Diese letzte Frage, fügt der Analyst hinzu, scheint mehr denn je ein zutiefst umstrittenes Thema auf dem Kontinent zu sein.
Auch wirtschaftliche Schwierigkeiten, insbesondere im Zusammenhang mit der Inflation, werden häufig als Erklärung für den Aufstieg der radikalen Rechten genannt.
Herr Camus glaubt, dass die Situation auch ein Beweis dafür ist, dass es den europäischen Staats- und Regierungschefs im Laufe der Jahre nicht gelungen ist, ein „kollektives Narrativ“ zu entwickeln, das die Bevölkerung mobilisieren könnte.
„Fast überall in Europa haben die Menschen eine klare Vorstellung von den Unannehmlichkeiten, die die Europäische Union mit sich bringt, sei es der Verwaltungsaufwand oder die einzuhaltenden Standards. Aber wenn sie die Nase vor eine neue Straße stecken, die mit europäischen Strukturfonds gebaut wurde, sehen sie es nicht“, kommentiert er.

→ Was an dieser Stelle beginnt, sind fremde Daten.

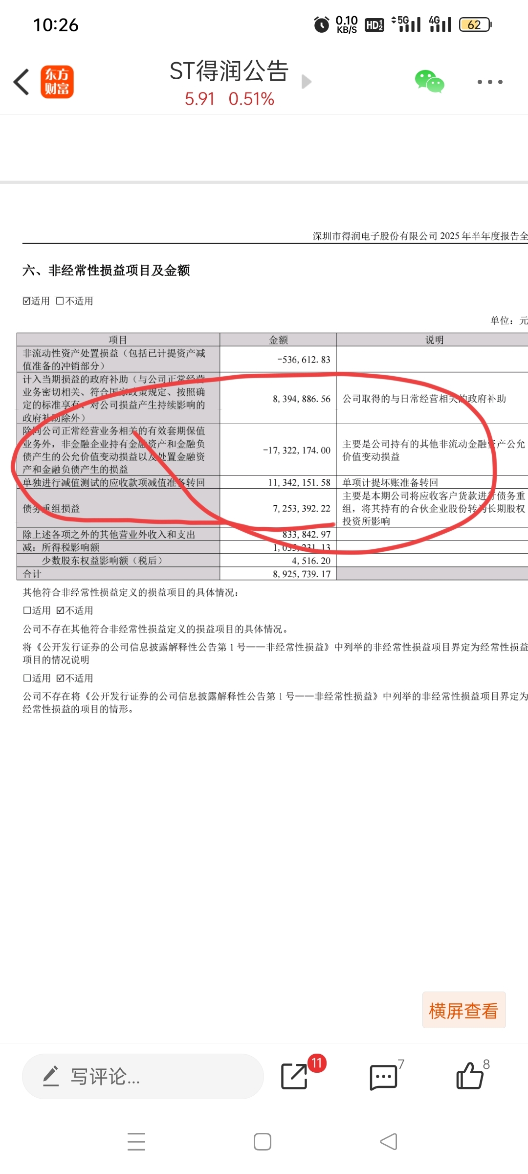 $ST得润(SZ002055)$ 中报扣非计提转回了1100万,公司解释是回款转好,看年报有没有惊喜
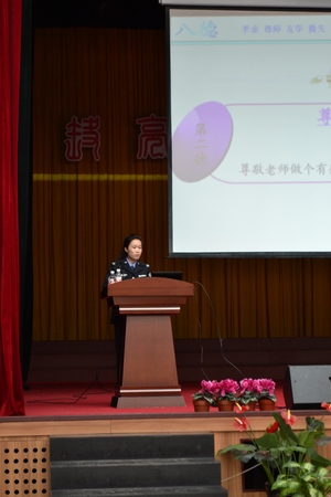 《用“八德”走好大学路》阐释了“ 新八德”即“孝亲、尊师、友学、长善、救失、立志、守法和践行《弟子规”的具体含义,启发大学生们对如何孝顺父母、正确处理情感纠结、在生活中勤俭节约等问题作深入思考,些许愧疚与自责,坚定了学生们以国学经典为座右铭做人做事的信心;《学习"八德"做一个有理想的农民企业家》的演讲者,恪守懂得感恩、重视回馈社会的理念,以艰辛的创业经历,披露了获得企业成功离不开社会这个厚重土壤的成功秘诀;《大学生如何经营未来幸福人生?》的精彩演讲,结合现实生活中的具体案例,揭示出道德缺失的社会现象,透析了一些青年人的利己心理,希望当代大学生坚守诚信,以道德形成的“正能量”培养勿怒、勿怨、肯吃苦的品质,努力将自己打造成德才兼备的人才。
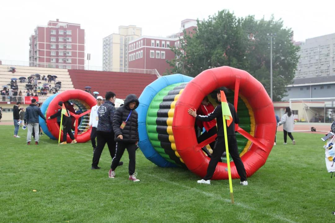 动感五环是众多的趣味项目之一,三个人进入一个长长的横过来的五彩的圆管,圆管的两头各站着两个人,由这两个人推动圆管前进,里面的三个人也同时向前推圆管,使圆管在前进的同时,里面的同学也保持平衡,一同到达终点。
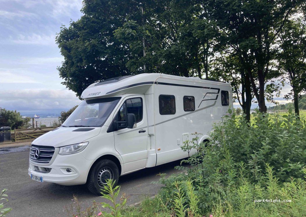 We parked up here yesterday and spent the night. Parking Space is fine for our 5.4m Layla. A beautiful sunset over the Firth of the Forth, quiet spot for a restful night. Highly recommend a meal at the villages Red Lion Inn, delicious food. Best book a table as it is small and rather busy! it's also dog friendly. This morning we took a donder around the village and up to Culross Abbey. 5*
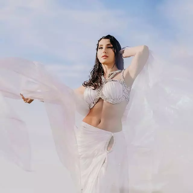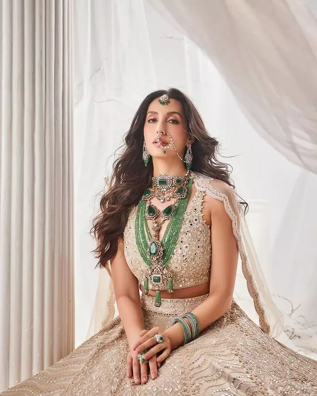 What makes this ensemble remarkable is its seamless blend of heritage and contemporary design. The ornate zardozi and reflective mirror accents celebrate traditional Indian artistry, while the modern silhouette ensures the look remains chic, personal, and timeless. Nora’s poised styling and effortless confidence allow the gown to truly shine, presenting her as a vision of refined glamour.
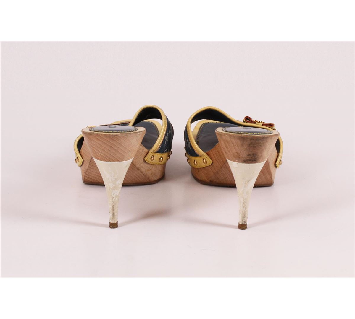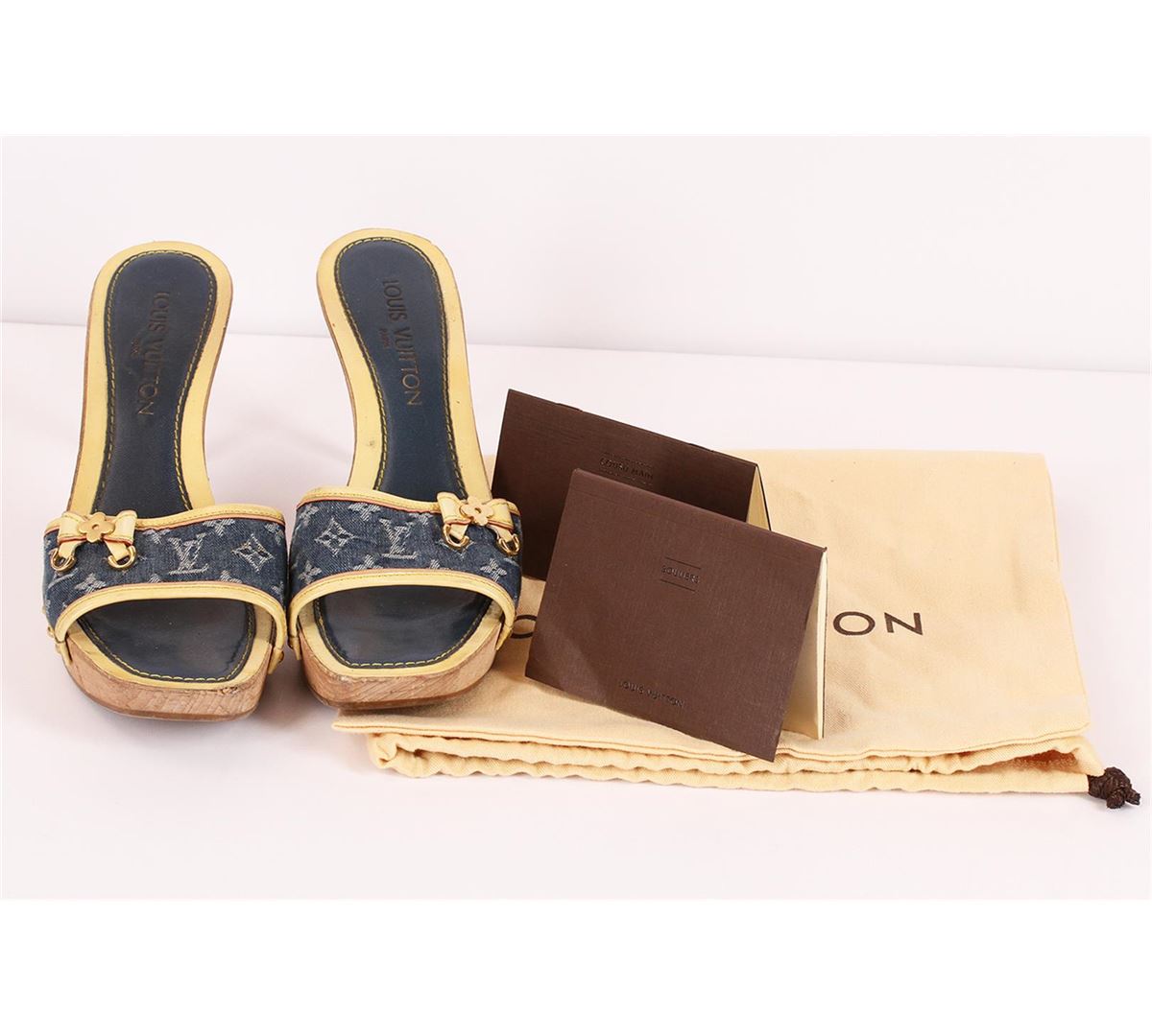 100% Authentic Louis Vuitton Monogram Denim heels. These adorable heels are made form beautiful solid wood; they feature an adorable leather and bronze bow accent and a cushiony navy blue and off white leather foot bed with "Louis Vuitton Paris" imprinted. The Louis Vuitton monogramed denim material is very versatile and the heel is classified as a kitten heel making these heels comfortable and a great option for most occasions. Wear is visible in the form of scratches, fading and stains. Please see pictures. Comes with Louis Vuitton shoe drawstring sleeper bag and two Louis Vuitton shoes booklets. European Size 38.5 equivalent to a US size 7.5-8.
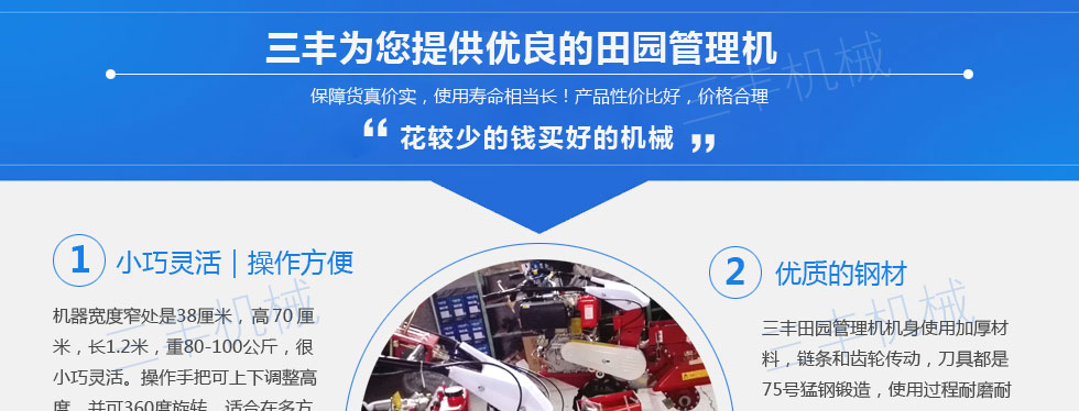 服務周到,不多花一分錢,細致周到的服務和可靠的信譽贏得客戶。田園管理機產品的各項指標已 達到國內外同類產品的先進水平。
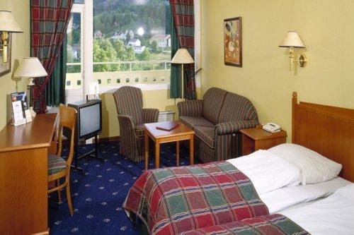Номера отеля Kviknes располагаются в современном крыле здания, выстроенного в 60-х годах. В каждом номере есть отдельный гостиный уголок, письменный стол и кабельное телевидение. Во многих номерах имеются балконы с видом на фьорд.
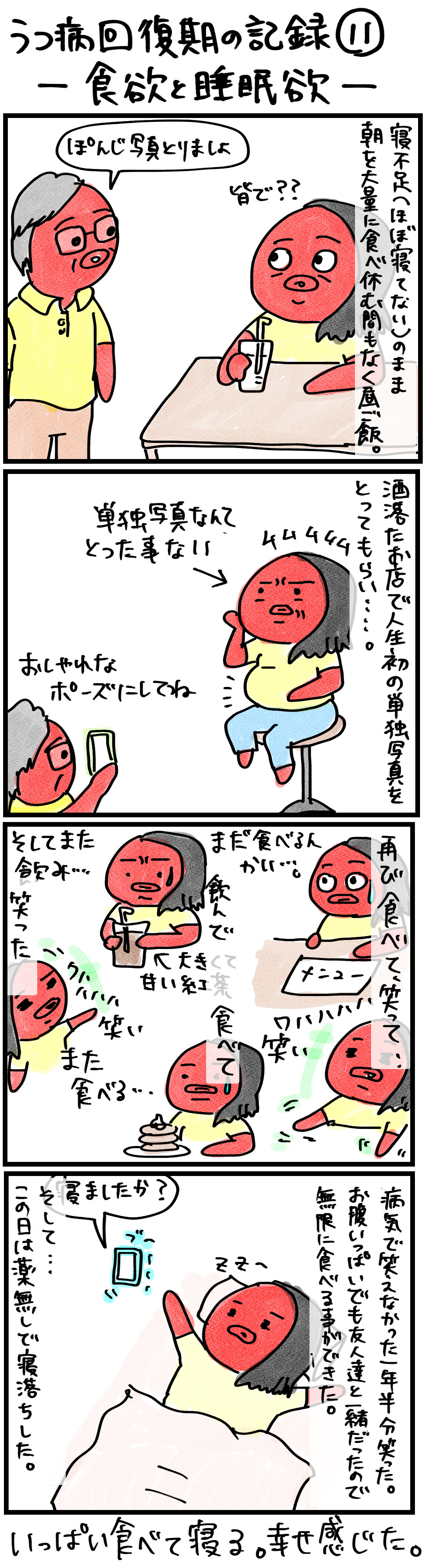 うつ病回復期の記録−11(食欲と睡眠欲) 2025年01月19日 21:00 タイ・バンコク旅行記──数年振りにあう友人達 うつ病回復期のポンコツポンジは友人に会いにバンコクへの旅に出た ・・旅先で回復していくのか?!前回の話⬇️【うつ病回復期の記録−10】 1年以上振りに自然と寝るという体験ができました😊友人の「たくさん食べて、笑って、また食べる」満腹眠り作戦は大成功でした!!数時間後に目は覚めたのですが、薬なしで眠れた事は大きな変化となりました。いっぱい食べて、しゃべって、笑って、また食べて、寝るそれができるって本当に幸せな事ですね😊 ◀︎ 前の話(第10話) 次の話(第12話) ▶︎ -----------うつ病発症の話は以下にまとめています⬇️-------------フォローしていただけると嬉しいです!! スポンサードリンク 「うつ病回復期の記録(連載中)」カテゴリの最新記事 タグ :#うつ病回復期 < 前の記事次の記事 > コメント コメントフォーム 名前 コメント 記事の評価 リセット リセット 顔 星 情報を記憶 コメントを投稿する
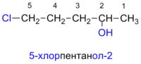 - Если при различных вариантах нумерации цепи гидроксильная группа получает один и тот же локант, то цепь нумеруют в том направлении, при котором другой заместитель получает наименьший локант.
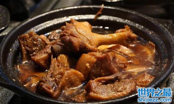 厦门姜母鸭以红面番鸭为原料,用芝麻油将鸭肉炒香后,再加入老姜(姜母)及米酒等炖煮而成。成菜味道鲜香,甘辛兼备,且具有疏肝润肺、养胃健脾、舒筋活血、祛寒化痰等功效。
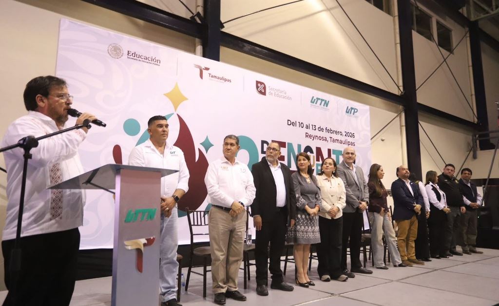 Reynosa, Tamaulipas (11-Febrero-2026).- El secretario de Educación de Tamaulipas, Miguel Ángel Valdez García, inauguró el Segundo Encuentro Regional Deportivo y Cultural de las Universidades Tecnológicas y Politécnicas (UTyP), teniendo como sede el Gimnasio Multidisciplinario de la Universidad Autónoma de Tamaulipas.
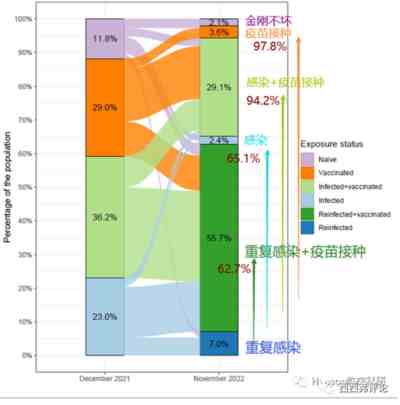 2021年,美国的CDC有个估算,那时大概4个感染者中,只有一个会被报告记录。就是真实感染人数,是报告人数的四倍。美国现在的报告感染人数是1亿人,但根据2022年11月,哈佛、耶鲁和斯坦福三所美国高校的公卫学院的研究。美国已经有94%的人感染过新冠病毒,其中65%的人感染过不止一次。这个应该就是抽样调查和模型估算一起做的估计。

Die von der EVP stammende Präsidentin der Europäischen Kommission, Ursula von der Leyen, zeigte sich dennoch erfreut darüber, dass „die Mitte hält“ und sich eine Mehrheit der Wähler für ein „starkes Mitteleuropa“ ausgesprochen habe.
Die Politikerin, die eine neue fünfjährige Amtszeit an der Spitze der Europäischen Kommission anstrebt, versicherte im gleichen Sinne, dass ihre Partei und ihre Verbündeten dafür sorgen würden, „ein Bollwerk gegen die Extreme“ aufzubauen.